+++ RECORDS SUPPLIED
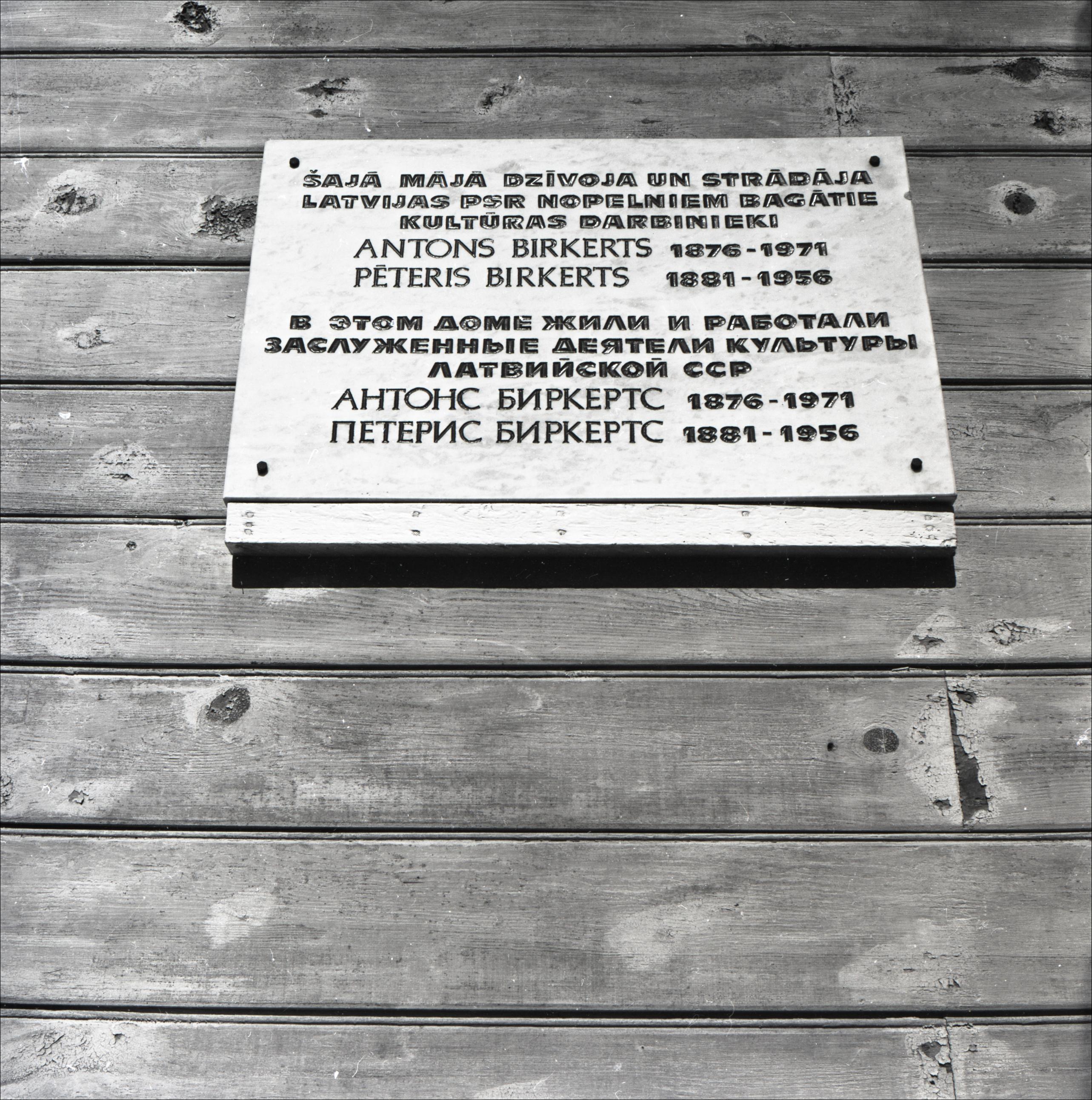 Ēka: Ēka, kurā dzīvoja Antons Birkerts un Pēteris Birkerts. Piemiņas plāksnes tuvplāns. Uz piemiņas plāksnes uzraksts latviešu un krievu valodās.
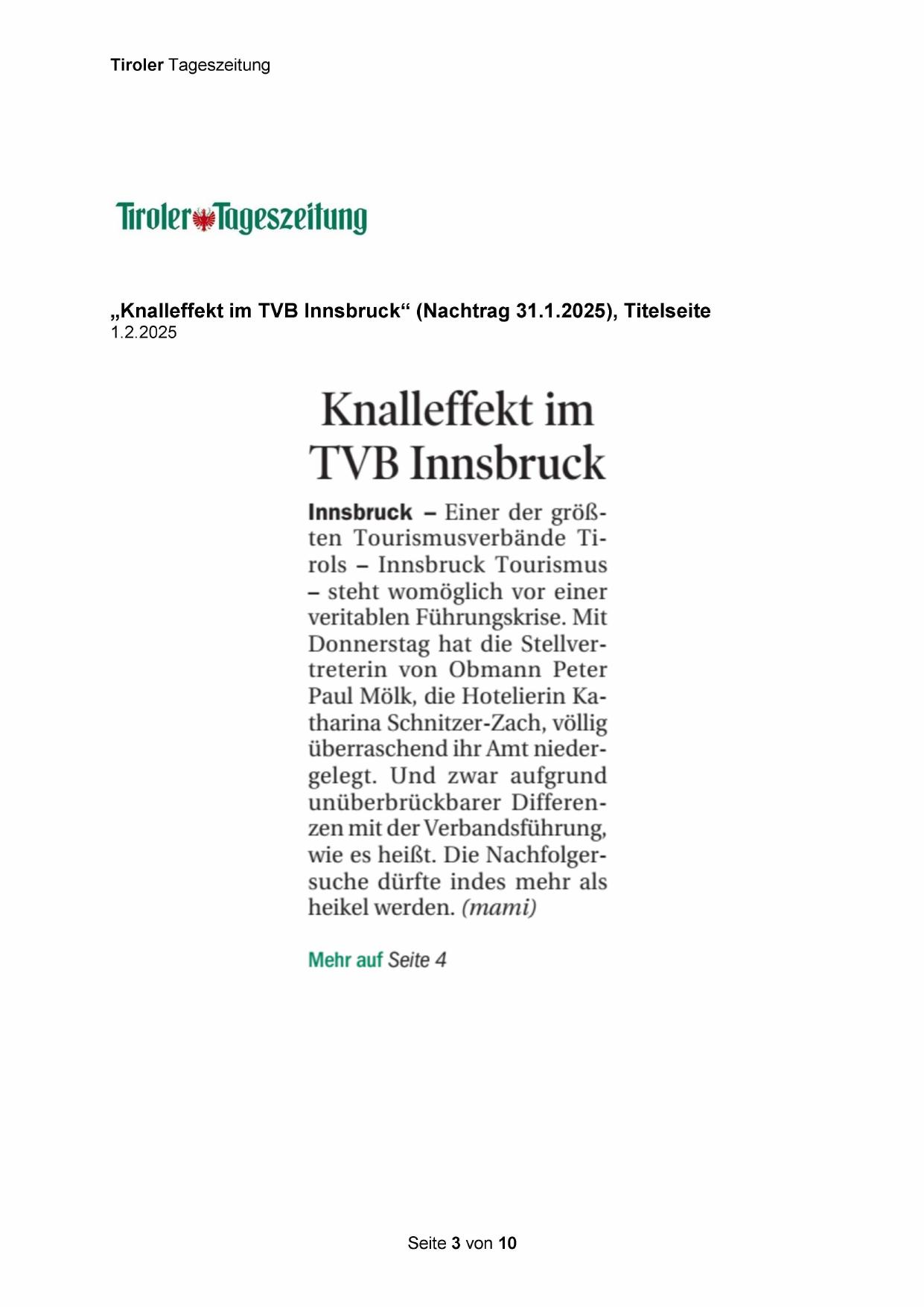 „Knalleffekt im TVB Innsbruck“ (Nachtrag 31.1.2025), Titelseite
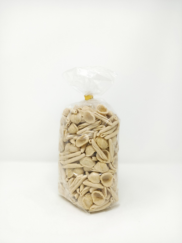 Maritati di semola di grano duro integrale I Maritati sono l'unione di due tipici formati di pasta pugliese: le orecchiette e i fricelli Produzione locale e artigianale Confezione da 500 gr.
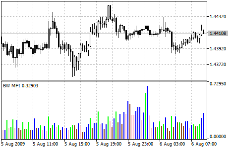 Технический индикатор Индекс Облегчения Рынка (Market Facilitation Index, BW MFI) показывает изменение цены, приходящееся на один тик. Абсолютные величины индикатора сами по себе ничего не значат, смысл имеют лишь изменения индикатора. Билл Вильямс придает большое значение изменениям индикатора и объема:
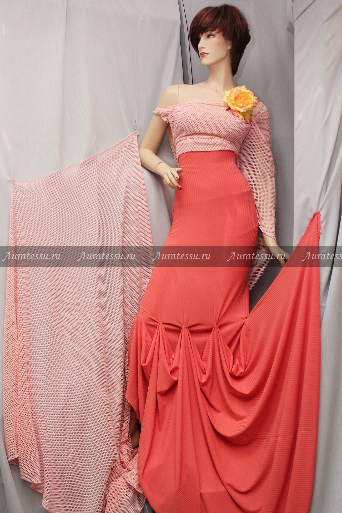 Сетчатое трикотажное полотно можно использовать в качестве основы для повседневного, вечернего и свадебного платья. Его можно использовать как основу для отделки красивых фактурных тканей со страницы Ткани для вечерней одежды.
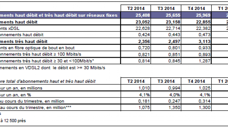 Au cours du deuxième trimestre 2015, le nombre d’abonnements au très haut débit (débit maximum descendant supérieur ou égal à 30 Mbit/s) a progressé de 280 000 pour atteindre 3,8 millions, soit 1,5 million d’abonnements supplémentaires en un an (+63%). Au sein de ce total, le nombre d’abonnements à très haut débit dont le débit est égal ou supérieur à 100 Mbit/s s’accroit de 150 000 en un trimestre, dont 100 000 abonnements en fibre optique de bout en bout supplémentaires, soit un total de 1,140 million abonnements FTTH fin juin 2015.
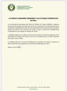 La communauté économique des États de l’Afrique de l’Ouest condamne les attaques qui ont secoué la République du Mali ce 25 avril 2026. L’organisation sous-régionale l’a exprimé dans un communiqué publié ce dimanche.
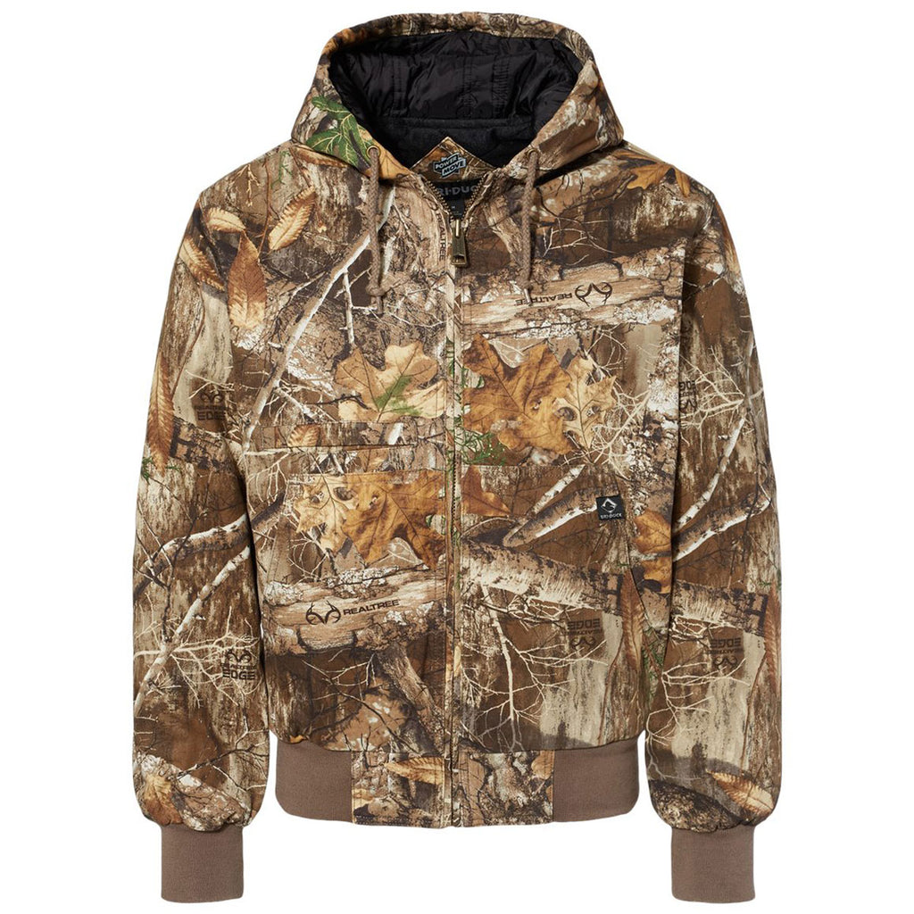 Choose a custom design for the Dri Duck Men's Realtree Edge Laramie Power Move Jacket to create employee apparel that commands respect. This cotton Canyon Cloth canvas is heavier for outdoor wear with a brushed tricot upper body panel and quilted nylon lower body panel with polyfill. Flex Action means you can keep working while wearing without restricting mobility. A drawstring hood keeps you further protected whether hiking, working the high lines, or doing general outdoor tasks.
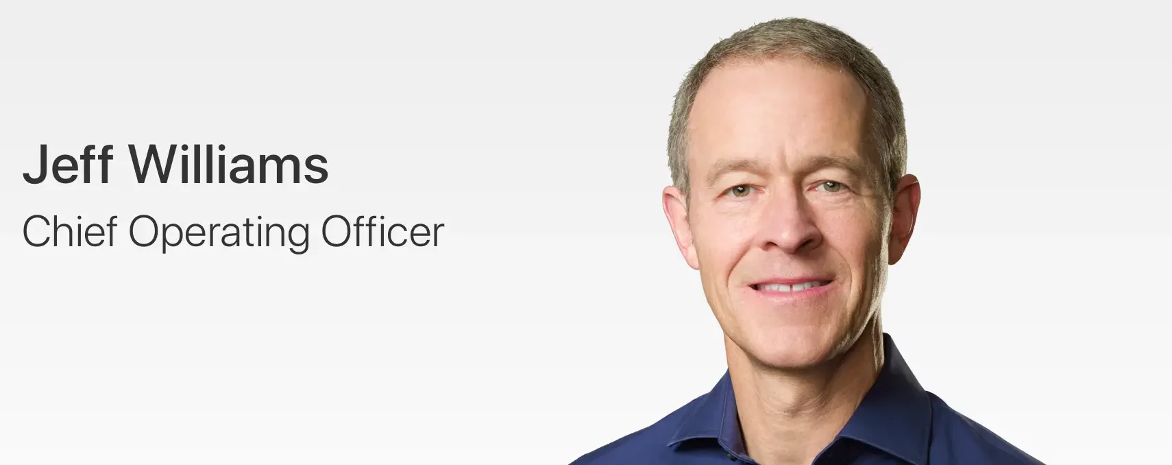 Jeff Williams เข้ารับตำแหน่ง COO (ประธานเจ้าหน้าที่ฝ่ายปฏิบัติการ) ของ Apple ในปี 2015 โดยดูแลเรื่องฝ่ายปฏิบัติงานทั่วโลกทั้งหมดของ Apple รวมถึงด้านบริการ และสนับสนุนลูกค้าด้วย
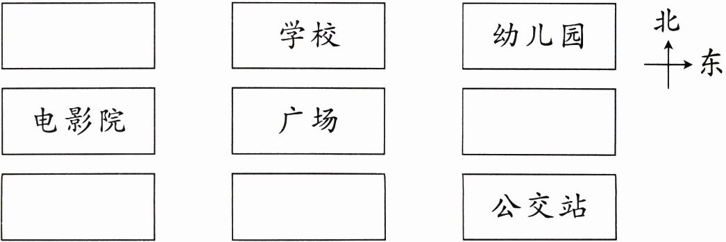 (1)商店在幼儿园的南面,图书馆在广场的西北方向。
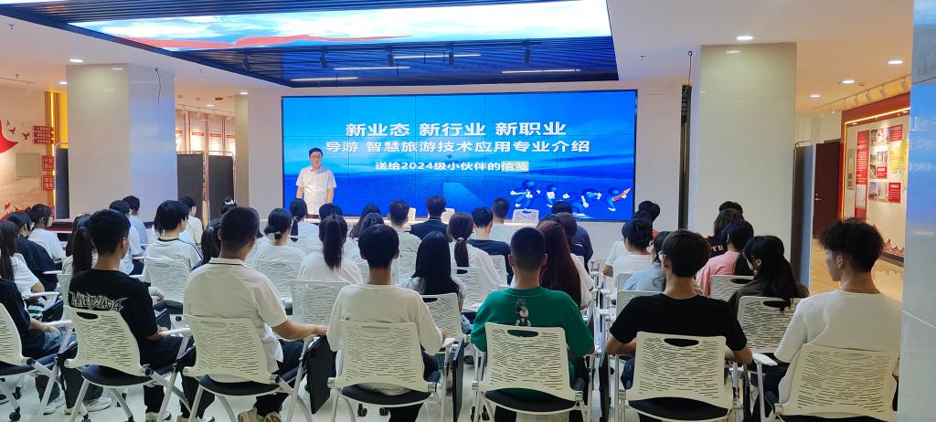 活动当天,各专业负责人为新生详细介绍了各自专业的课程设置、培养目标、实习实训、职业规划等内容,并组织新生参观了智慧旅游实训基地的导游AI实训室、旅游大数据实训室、旅游C+实训室,红色旅游实训中心,民航综合实训中心,民航模拟舱实训室,公司地质园、地质博物馆和一带一路创新创业园区等多个教学场所和孵化基地。
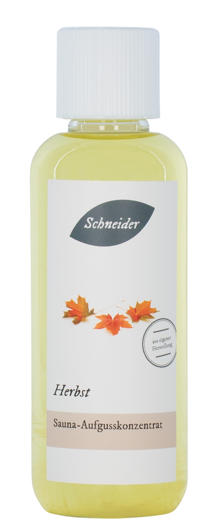 Herbst – das Zusammenspiel von Aromen und Farben! Dieses spiegelt sich auch in dem nach eigener Rezeptur hergestellten Saunaaufguss Herbst wider. Da gibt es die fruchtig-frische Komponente von Orangen, Zitronen und Bergamotte, untermalt von blumigen Noten von Geranium und abgerundet von der warmen, erdig-harzigen Art von Zedernholz. Alles fügt sich zu einem runden Ganzen zusammen – für eine perfekte Erholung! Anwendung: Die Dosierung der Aufgüsse kann abhängig sein von der Größe der Sauna, der Leistung der Heizelemente, den Vorlieben der Anwender und der Intensität der einzelnen Inhaltsstoffe (wie ätherischen Ölen, Ölgemischen oder Duftölen). Als Richtwert empfehlen wir ein bis zwei Esslöffel voll Aufgusskonzentrat oder 20 bis 25 ml Aufgusskonzentrat pro Liter Aufgusswasser. Je nach Belieben können Sie die Dosierung anpassen. Saunaaufgusskonzentrate sind sparsam zu verwenden und sollten nie pur auf die Aufgusssteine oder Heizelemente gegeben werden.
++++++
▸ **REQUIRED WORK**
Repeat the material exactly. Any picture in it should be dropped.

▸ **ANSWER TO THE PROBLEM**
 Ēka: Ēka, kurā dzīvoja Antons Birkerts un Pēteris Birkerts. Piemiņas plāksnes tuvplāns. Uz piemiņas plāksnes uzraksts latviešu un krievu valodās.
 „Knalleffekt im TVB Innsbruck“ (Nachtrag 31.1.2025), Titelseite
 Maritati di semola di grano duro integrale I Maritati sono l'unione di due tipici formati di pasta pugliese: le orecchiette e i fricelli Produzione locale e artigianale Confezione da 500 gr.
 Технический индикатор Индекс Облегчения Рынка (Market Facilitation Index, BW MFI) показывает изменение цены, приходящееся на один тик. Абсолютные величины индикатора сами по себе ничего не значат, смысл имеют лишь изменения индикатора. Билл Вильямс придает большое значение изменениям индикатора и объема:
 Сетчатое трикотажное полотно можно использовать в качестве основы для повседневного, вечернего и свадебного платья. Его можно использовать как основу для отделки красивых фактурных тканей со страницы Ткани для вечерней одежды.
 Au cours du deuxième trimestre 2015, le nombre d’abonnements au très haut débit (débit maximum descendant supérieur ou égal à 30 Mbit/s) a progressé de 280 000 pour atteindre 3,8 millions, soit 1,5 million d’abonnements supplémentaires en un an (+63%). Au sein de ce total, le nombre d’abonnements à très haut débit dont le débit est égal ou supérieur à 100 Mbit/s s’accroit de 150 000 en un trimestre, dont 100 000 abonnements en fibre optique de bout en bout supplémentaires, soit un total de 1,140 million abonnements FTTH fin juin 2015.
 La communauté économique des États de l’Afrique de l’Ouest condamne les attaques qui ont secoué la République du Mali ce 25 avril 2026. L’organisation sous-régionale l’a exprimé dans un communiqué publié ce dimanche.
 Choose a custom design for the Dri Duck Men's Realtree Edge Laramie Power Move Jacket to create employee apparel that commands respect. This cotton Canyon Cloth canvas is heavier for outdoor wear with a brushed tricot upper body panel and quilted nylon lower body panel with polyfill. Flex Action means you can keep working while wearing without restricting mobility. A drawstring hood keeps you further protected whether hiking, working the high lines, or doing general outdoor tasks.
 Jeff Williams เข้ารับตำแหน่ง COO (ประธานเจ้าหน้าที่ฝ่ายปฏิบัติการ) ของ Apple ในปี 2015 โดยดูแลเรื่องฝ่ายปฏิบัติงานทั่วโลกทั้งหมดของ Apple รวมถึงด้านบริการ และสนับสนุนลูกค้าด้วย
 (1)商店在幼儿园的南面,图书馆在广场的西北方向。
 活动当天,各专业负责人为新生详细介绍了各自专业的课程设置、培养目标、实习实训、职业规划等内容,并组织新生参观了智慧旅游实训基地的导游AI实训室、旅游大数据实训室、旅游C+实训室,红色旅游实训中心,民航综合实训中心,民航模拟舱实训室,公司地质园、地质博物馆和一带一路创新创业园区等多个教学场所和孵化基地。
 Herbst – das Zusammenspiel von Aromen und Farben! Dieses spiegelt sich auch in dem nach eigener Rezeptur hergestellten Saunaaufguss Herbst wider. Da gibt es die fruchtig-frische Komponente von Orangen, Zitronen und Bergamotte, untermalt von blumigen Noten von Geranium und abgerundet von der warmen, erdig-harzigen Art von Zedernholz. Alles fügt sich zu einem runden Ganzen zusammen – für eine perfekte Erholung! Anwendung: Die Dosierung der Aufgüsse kann abhängig sein von der Größe der Sauna, der Leistung der Heizelemente, den Vorlieben der Anwender und der Intensität der einzelnen Inhaltsstoffe (wie ätherischen Ölen, Ölgemischen oder Duftölen). Als Richtwert empfehlen wir ein bis zwei Esslöffel voll Aufgusskonzentrat oder 20 bis 25 ml Aufgusskonzentrat pro Liter Aufgusswasser. Je nach Belieben können Sie die Dosierung anpassen. Saunaaufgusskonzentrate sind sparsam zu verwenden und sollten nie pur auf die Aufgusssteine oder Heizelemente gegeben werden.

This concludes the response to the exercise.